Я вернулся к холодильнику. Мама рассказывала, что в детстве очень любила бутерброды-кораблики. Причем они не выглядели как-то особенно, просто хлеб, масло, сыр. Почему они назывались корабликами? Я достал масло, медленно намазал его на хлеб. А потом вытащил квадратики сыра в индивидуальной упаковке, снял ее с одного кусочка, нанизал его на зубочистку, расправил и поставил этот парус на хлеб с маслом. Маслиной украсил. Будет толстенький моряк.
Скрипнул ключ в замочной скважине, а потом завозился, заскрежетал радостно. Я бросился встречать маму, наверняка ведь устала с работы.
Она пришла не одна. Пряча глаза, за ее спиной стоял мужик, он снял обувь и поставил ее возле обувницы, деликатно кашлянув. От неожиданности я попятился и врезался в дверной косяк. Мужик как мужик. Одет опрятно: из-под синего свитера виднелся светло-голубой воротник рубашки, на ногах джинсы и черные носки. На руке часы. И кольцо.
– Никитка, ты чего не спишь? – весело спросила мама.

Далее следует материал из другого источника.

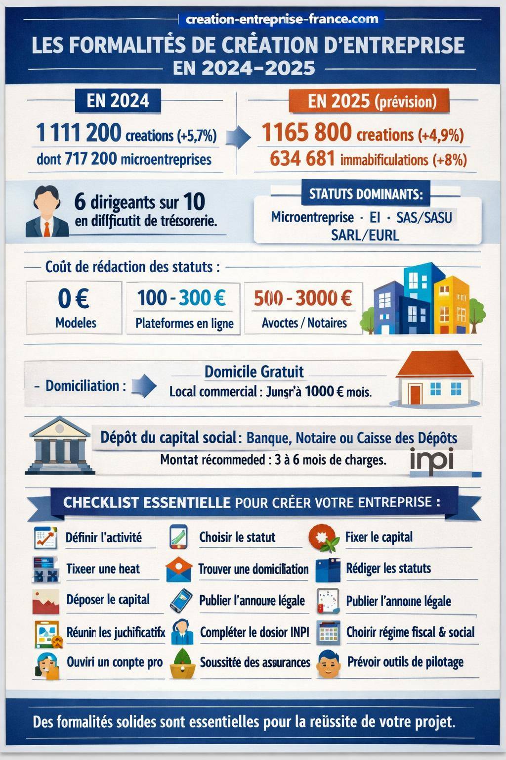 Ce contexte rappelle un enjeu central : la qualité des formalités de création conditionne la solidité du projet. Un statut mal choisi, un capital insuffisant, des clauses de statuts imprécises ou des démarches incomplètes créent des fragilités juridiques et financières dès le démarrage.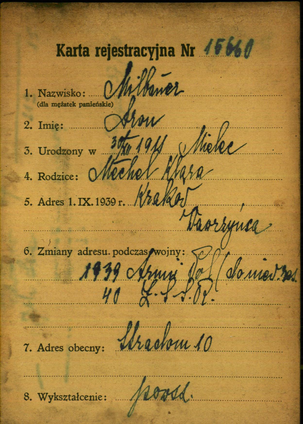 Aron Milbauer was born in Mielec, Poland, 1911. He was a baker. Prior to WWII he lived in Krakow, Poland. During the war he was in Soviet Union.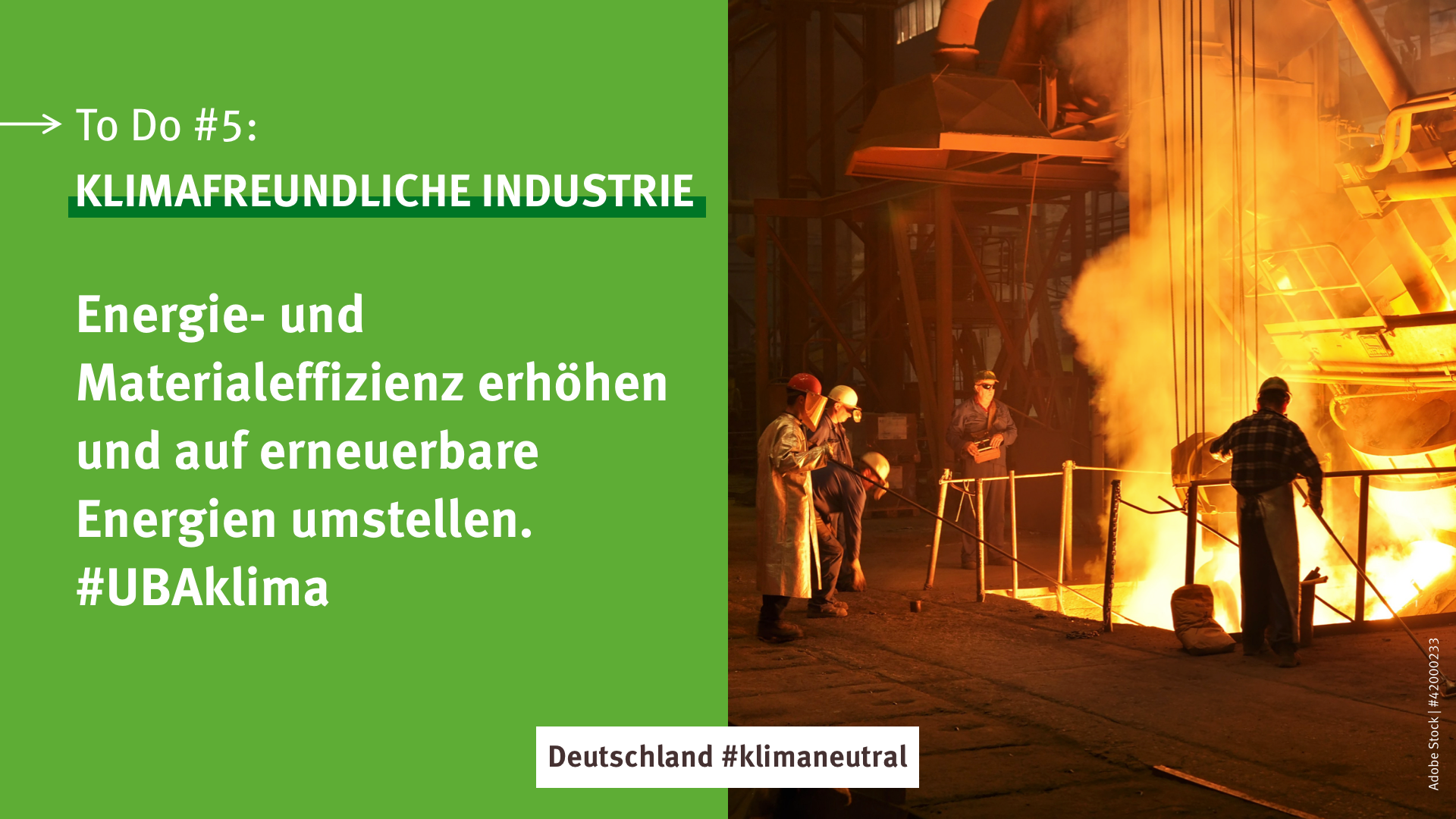 Energie- und Materialeffizienz erhöhen und auf erneuerbare Energien umstellen: In der Industrie muss an der Effizienz gearbeitet werden. Im Zentrum der Industriewende stehen also Energie- & Materialeinsparungen. Ziel: Innovationen in der Prozesstechnik, um erneuerbaren Strom direkt zu nutzen oder in Zukunft grünen Wasserstoff. Ein bedeutender Teil der Treibhausgas-Emissionen sind prozess- und rohstoffbedingt und schwierig zu vermeiden. THG-intensive Herstellungsprozesse für Grundstoffe und Halbzeuge in andere Teile der Welt zu verlagern, würde dem Umwelt- und speziell dem #Klimaschutz eher schaden als nutzen. Hier müssen also Prozesse komplett umgestellt werden. Das gilt zum Beispiel für die Stahlindustrie und die chemische Industrie. In einem treibhausgasneutralen Wirtschaftssystem können die Emissionen der Industrie bis auf etwa 5% der Aktuellen reduziert werden. Es verbleiben vornehmlich rohstoffbedingte Emissionen der Zement-, Kalk- und Glasindustrie – hier sind Nutzungsoptionen für das rohstoffbedingt freigesetzte CO2 zu entwickeln. Das UBA unterstützt diese Umstellung in der Industrie durch die fachliche Begleitung der BMU-Förderrichtlinie „Dekarbonisierung in der Industrie“. Mehr dazu:

– Так я… э-э-э, тебя ждал.
– Так вот ты какой, – сказал мужик и протянул руку. Пожал крепко, по-мужски. Похлопал меня по плечу, замялся, не зная, куда девать руки.
– Иди ложись, а мы на кухне посидим, нам есть о чем поговорить. – Мама потащила мужика на кухню, даже не объяснив, кто это и как его зовут.
Я демонстративно взял ведро под раковиной, решительно подошел к столу и сгреб все бутерброды и салат в мусорку.
– Ничего себе восстание пупсиков, – отметила мама, а потом, как бы извиняясь, сказала мужику: – Не обращай внимания, небольшой бунт на корабле.
Я хлопнул дверью своей комнаты и упал на кровать. Не покидало чувство, что я веду себя как истеричная девчонка, но что мне делать? Устраивать скандал еще более не по-мужски.
Я лежал один в темноте и долго не мог сомкнуть глаз. Во-первых, не верилось, что мать так легко забыла все, что с ней было совсем еще недавно: ревность, побои и совершенно дикие условия жизни в полной зависимости от другого человека; во-вторых, не верилось, что я ничего не сказал сейчас. Снова ничего не сказал и ничего не сделал. Как тогда. Но имею ли я право приказывать ей? Устроить скандал, выгнать этого человека, поставить ее перед выбором: или он, или я?
Черной дырой разрасталась в груди тревога. В нашем доме снова не пойми кто.